ポップパンクのアンサンブルで奏でられる陽性のBritpopメロディーは、オルタナ化したOasis、00年代以降エモに傾倒したギャラガー兄弟、とでも形容したくなるような仕上がり(聴けばわかってもらえると思うんですが、#3「Fade Out」のラスト35秒、曲が終わってから急にOasis感が100倍増しになるの面白い)。でも、こういう純然たるバンドサウンドで開けたスケール感を出せるポップパンクって意外と珍しいんじゃないでしょうか。


LOW - HEY WHAT
(Album, 2021.09.10)

音楽が作品として組み上がるとき、まず曲があって、それを形作る音響がある、もしくは曲と音響が同時に作られる、と無意識の内に思い込んでいた。しかしこのアルバムでは、音響に導かれて曲が生まれる様を味わえる。聴いたことのない音像の連続で、自宅でお使いのスピーカーに、あるいはいつも持ち歩いてるヘッドホンに、「こんな音出せたの!?」と声かけたくなると思います。

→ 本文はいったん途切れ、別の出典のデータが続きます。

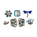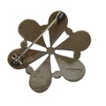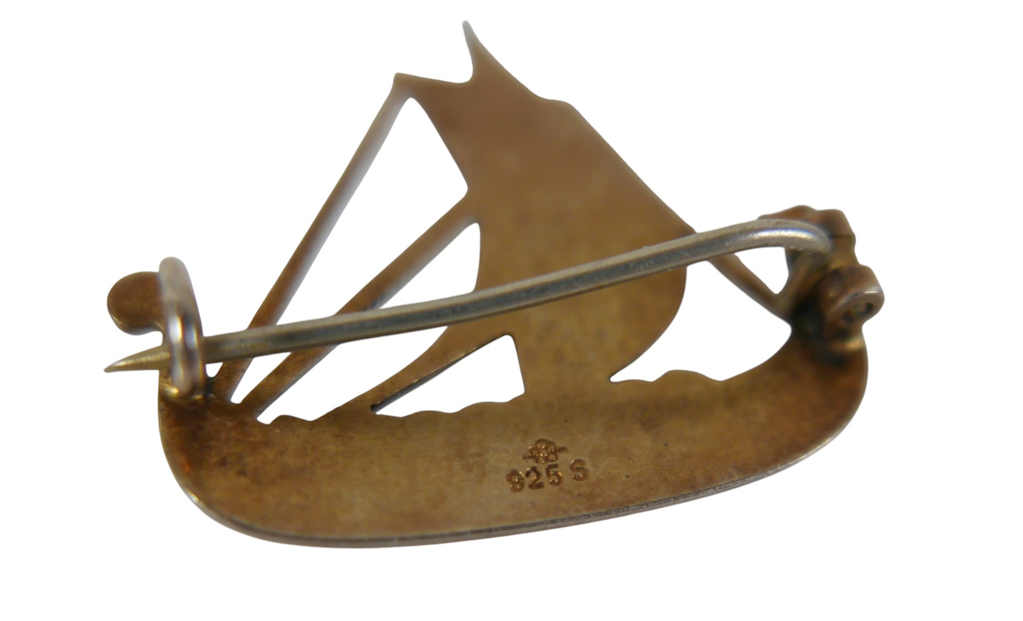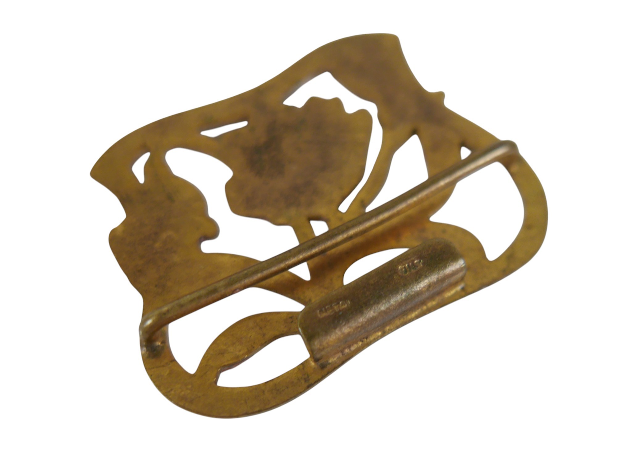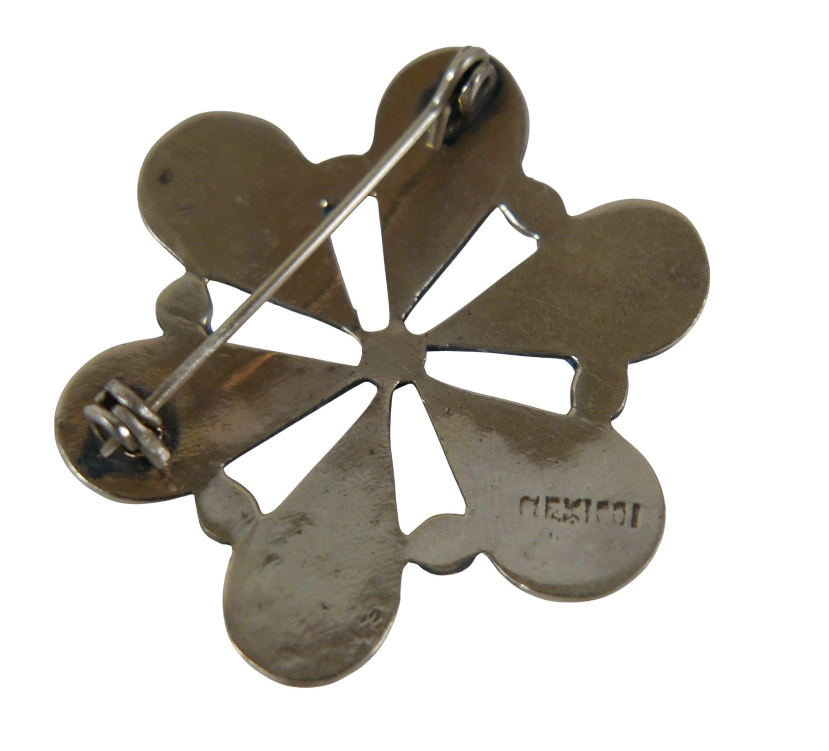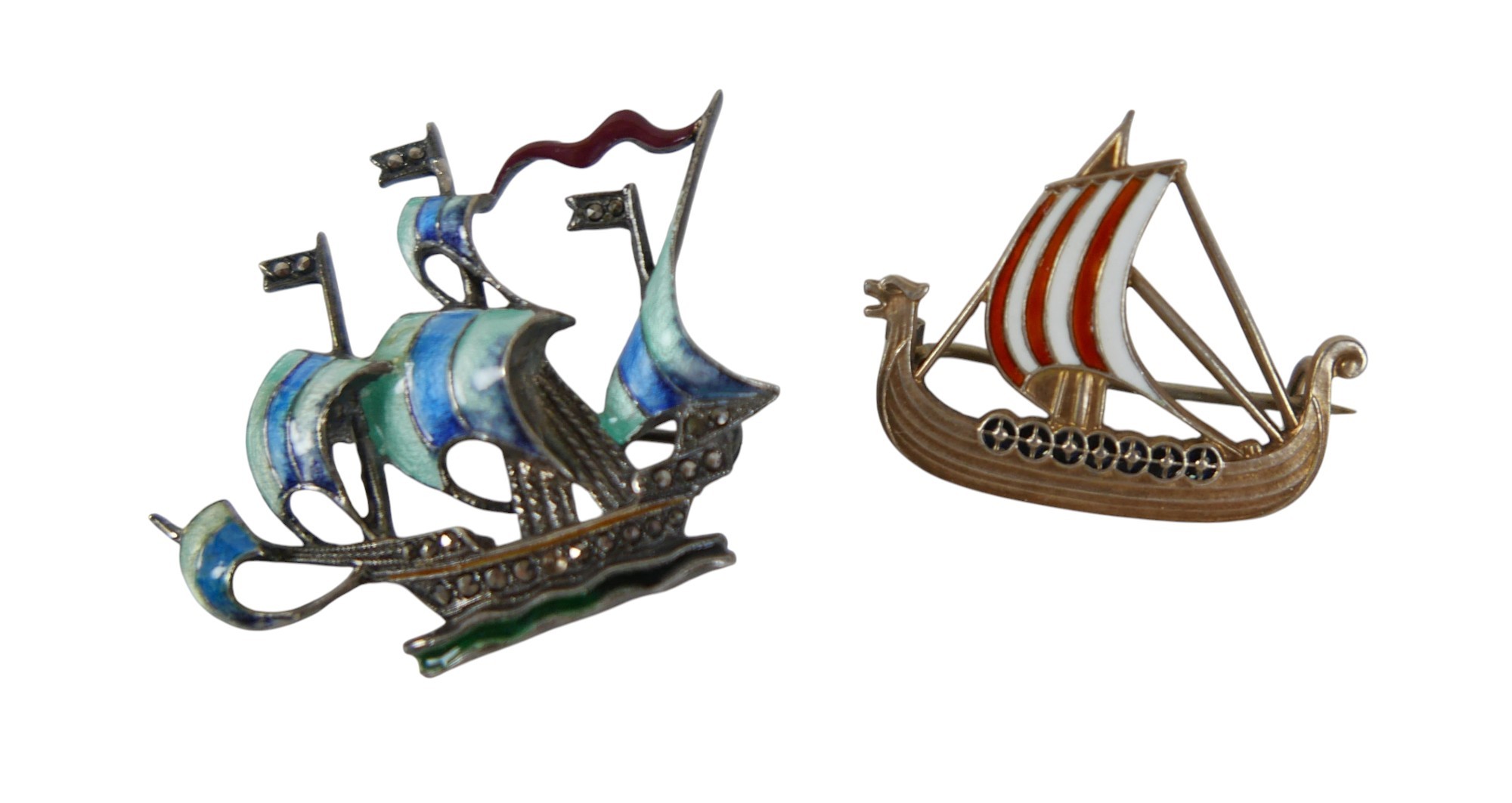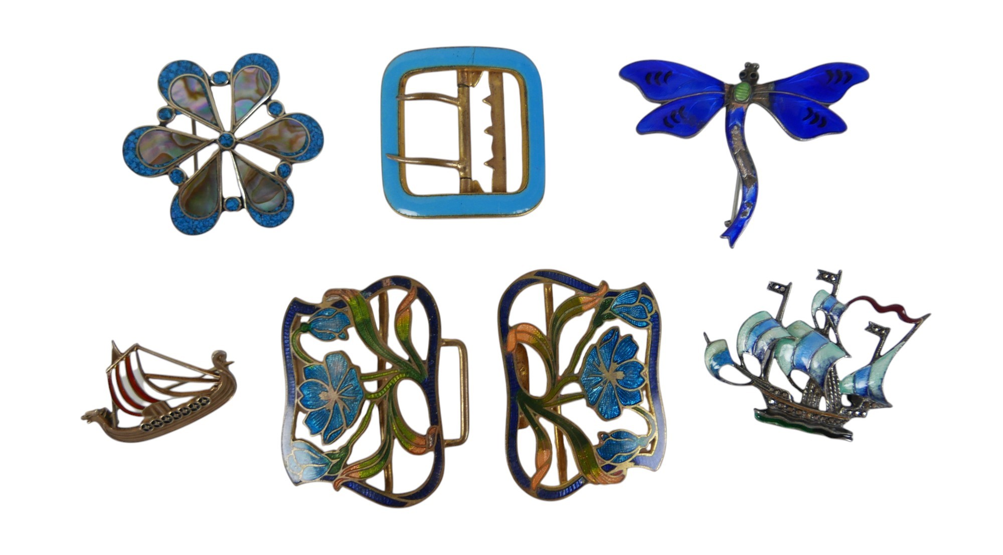 Six pieces of enamel jewellery comprising a nurses buckle, single buckle, two ship brooches, a silver dragonfly brooch and a Mexican mother of pearl and enamel brooch 4cm wide. (6)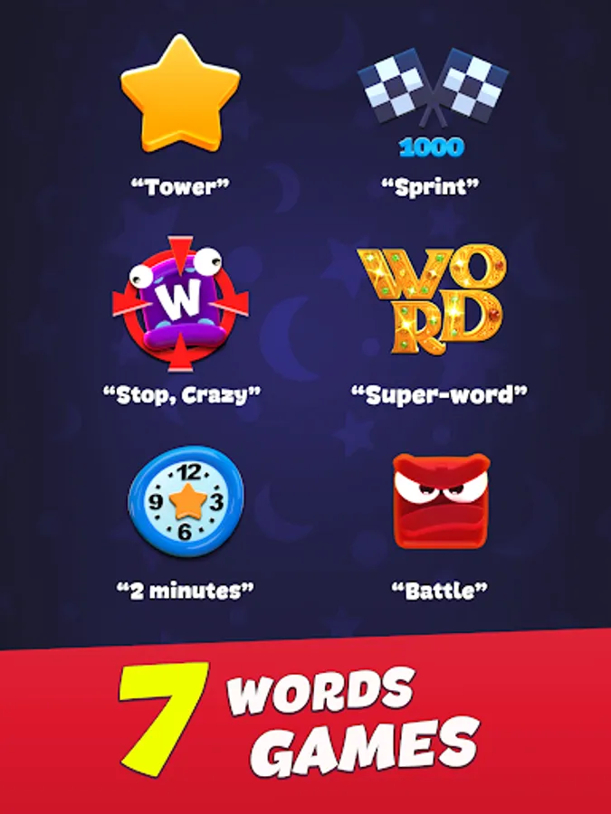 Use all your language skills while making different words from letter cubes in one of 6 game modes: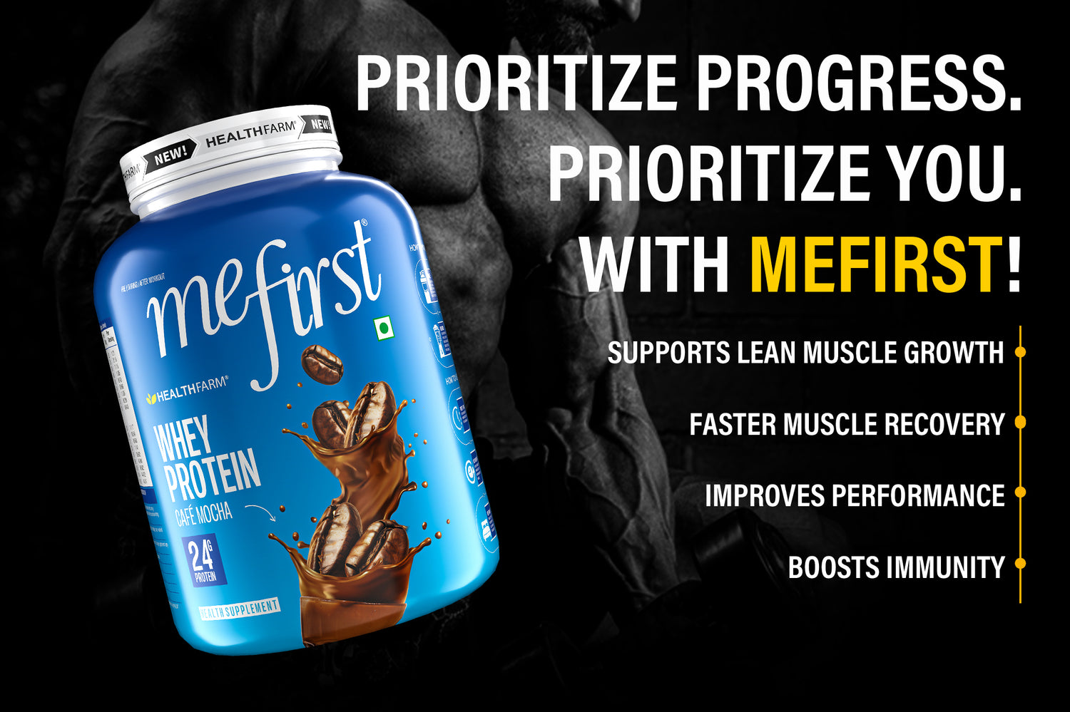 Elevate your fitness with Mefirst Whey Protein, a high-quality blend designed to support muscle growth, recovery, and strength. Each serving provides 24g of pure whey protein from concentrate and isolate, helping you build lean muscle and improve performance. With zero added sugar, Mefirst offers a clean and effective protein source. It also helps reduce fatigue, speed up recovery, and maintain energy levels, making it ideal for athletes, fitness enthusiasts, and anyone aiming for a stronger body.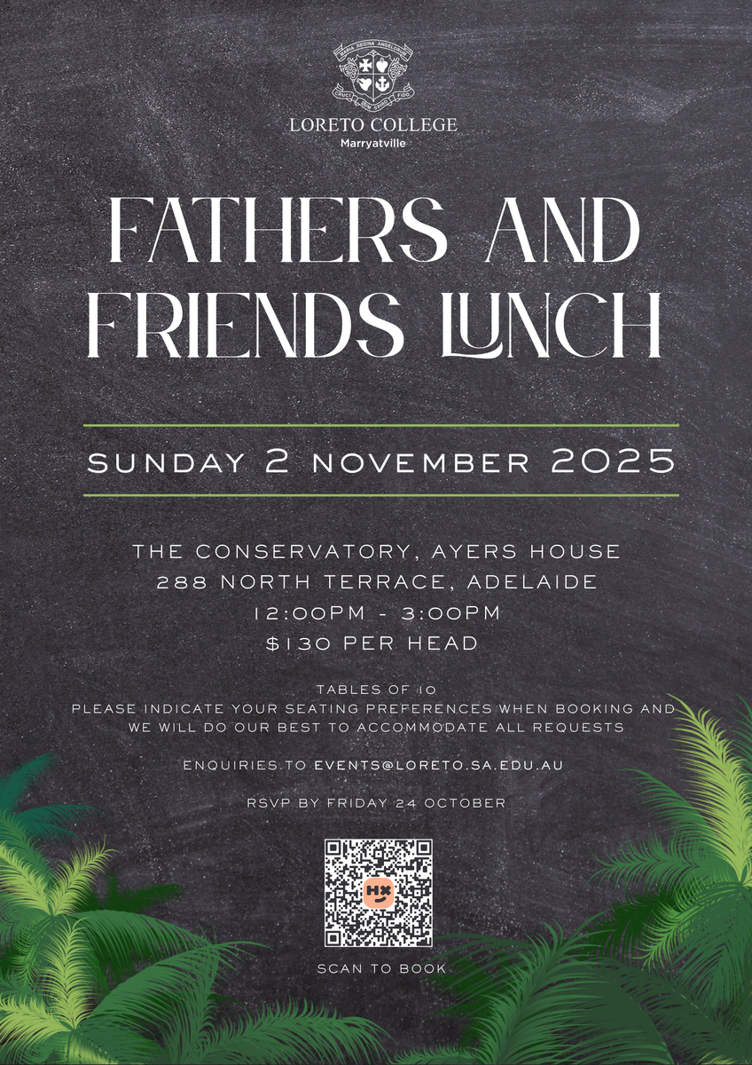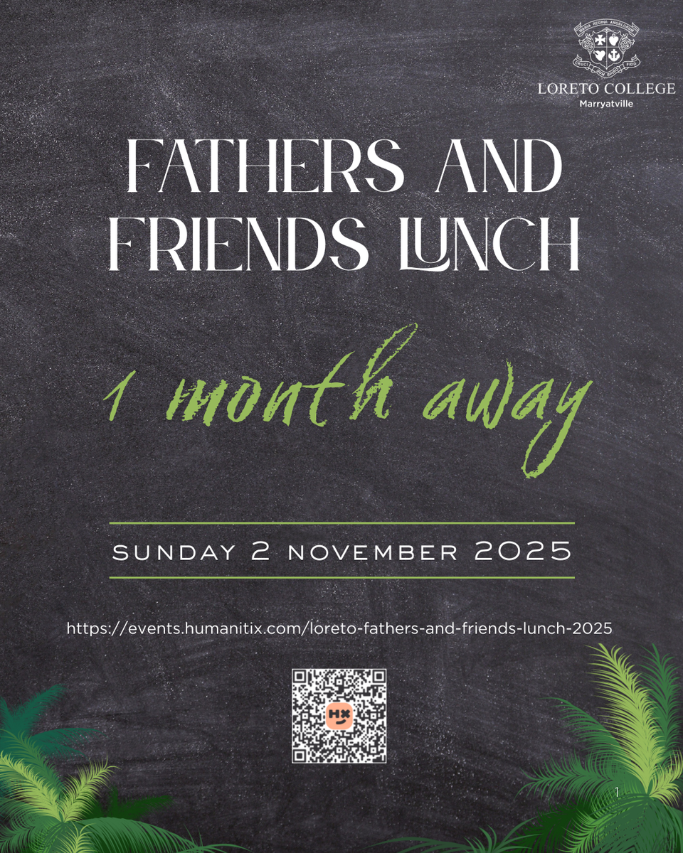 We are excited to invite you to our Fathers & Friends Lunch, taking place on Sunday, 2 November. This event provides dads and friends of the college community the opportunity to come together, connect, and enjoy the spirit of Loreto.
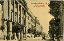 Споруду вибудовано на узвишші і її головний фасад, який простягся більш ніж на 140 метрів, повернутий до міста. Будівля споруджена в 1827 році як хлібні склади (хлібний «магазин», лабаз) одеським хлібним магнатом графом Ієронімом Собанським. Незважаючи на нежитлове призначення, будувались з архітектурною вишуканістю. Це була звична практика доби класицизму, що не виробив окремих типів споруд для навчальних закладів, бірж, пошти, лікарні тощо. Майстри класицизму використовували типовий проект палацу, кожен раз пристосовуючи його то під навчальний заклад, то під біржу, то під військовий шпиталь чи міську лікарню. Не виняток і зернові склади графа Собанського, вибудовані єдиним видовженим блоком та декорованими за типовим проектом палацу доби класицизму. Подібна практика сприяла дискредитації пізнього класицизму і він дійшов до власної кризи.

Sermon Of Flames - I Have Seen the Light, and It Was Repulsive
(Album, 2021.09.03)

インダストリアル・ハーシュノイズ・アヴァンギャルド・ブラッケンド・デスメタル。アートワークや残虐なサウンドスケープ、曲名や歌詞(#2「Cauldrons of Boiling Piss」=沸騰した小便の大釜...)から、神話的な恐怖や超現実的なグロテスクが連想されるが、インダストリアルミュージックが科学技術を手にした社会への批判を背景としているならば、本作に差し込まれるハーシュノイズは意味深だろう。目を見張るほどの新鮮さはないかもしれないが、単なるインダストリアル以上にシニカルで、単なるブラックメタル以上に禍々しい力を放つアルバム。


TORIENA - TORIENA makes me smile
(Album, 2021.09.20)

大きく舵を切った前作「PURE FIRE」の延長にある作品だが、かねてからのTORIENAさんの大きな武器であるチップチューンサウンドとボーカルが、断片的ながら効果的なエッセンスとして用いられており、より「らしさ」の磨かれた作品になった印象。そして、そんなアルバムに自身の名を冠するのはカッコいい!


エース橋本 - Play.Make.Believe
(Album, 2021.05.26, Alternative R&B)

Odd Futureの初期メンバー・Brandun DeShayの別名義による1st。日本好きが高じて移住した経験もあるらしい。どうやら"橋本"の"橋"には、日米を繋ぐ橋になりたいという意味が込められているようだが、その名に偽りなし、向井太一、5lackを含め日・韓・米などからゲストが参加するインターナショナルなアルバム。そして、内容もスムースで聴き心地の良すぎるオルタナティヴR&B。二回目からはついつい「エース橋本です(Listen)」のネームタグ口ずさんじゃうね。